# Exercise details:
This exercise asks for an exact copy of the lines from the one containing "As the two parallel" through the final line of the material, with pictures omitted.

Data below START

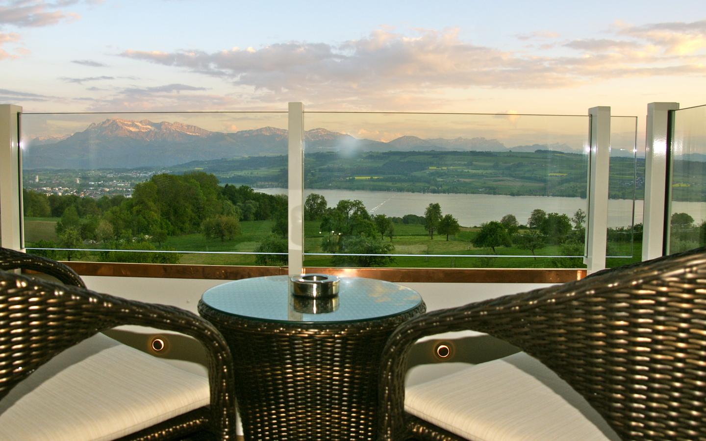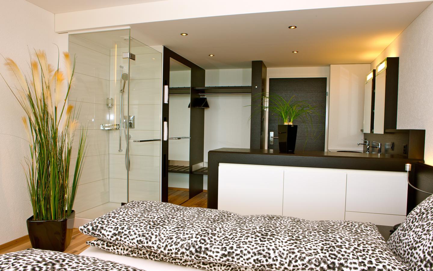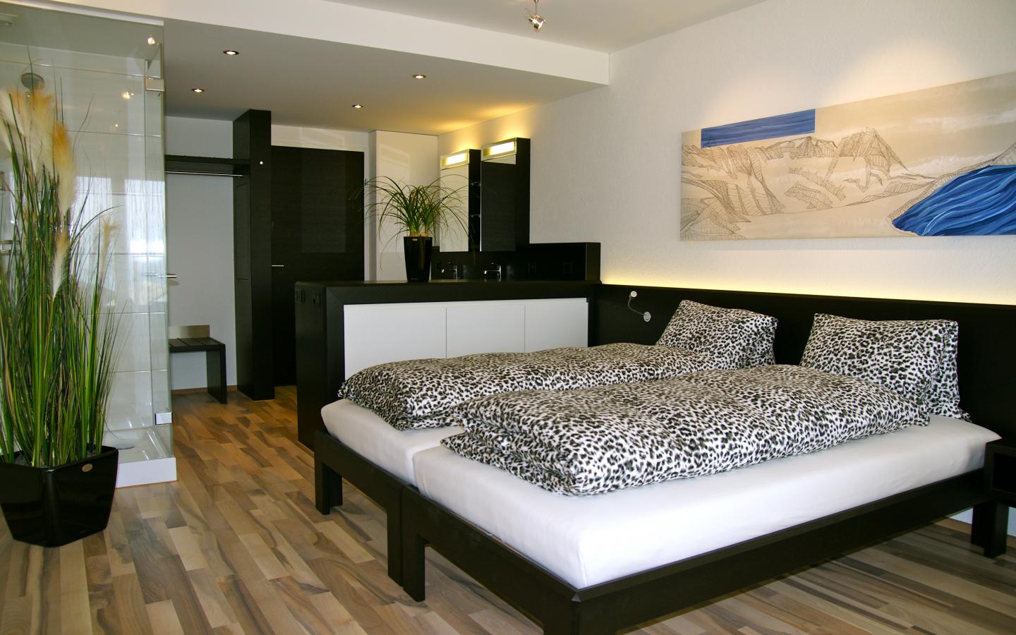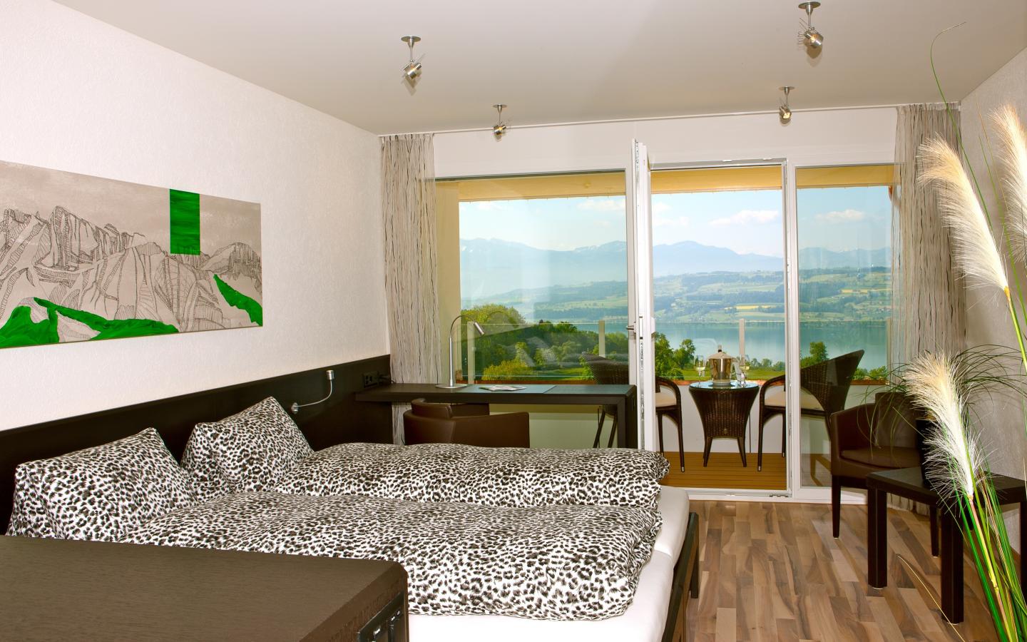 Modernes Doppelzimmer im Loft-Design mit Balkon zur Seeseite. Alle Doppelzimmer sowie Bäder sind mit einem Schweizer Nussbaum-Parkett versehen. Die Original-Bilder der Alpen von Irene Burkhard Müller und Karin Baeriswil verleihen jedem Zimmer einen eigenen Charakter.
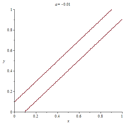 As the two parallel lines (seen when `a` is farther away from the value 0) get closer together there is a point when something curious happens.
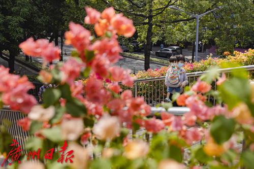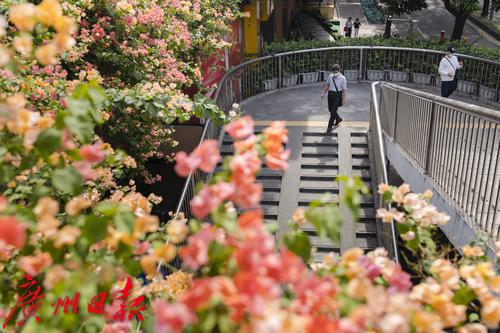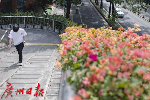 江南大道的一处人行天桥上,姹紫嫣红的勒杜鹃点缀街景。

Data below END

# Solution for this problem:
 As the two parallel lines (seen when `a` is farther away from the value 0) get closer together there is a point when something curious happens.
 江南大道的一处人行天桥上,姹紫嫣红的勒杜鹃点缀街景。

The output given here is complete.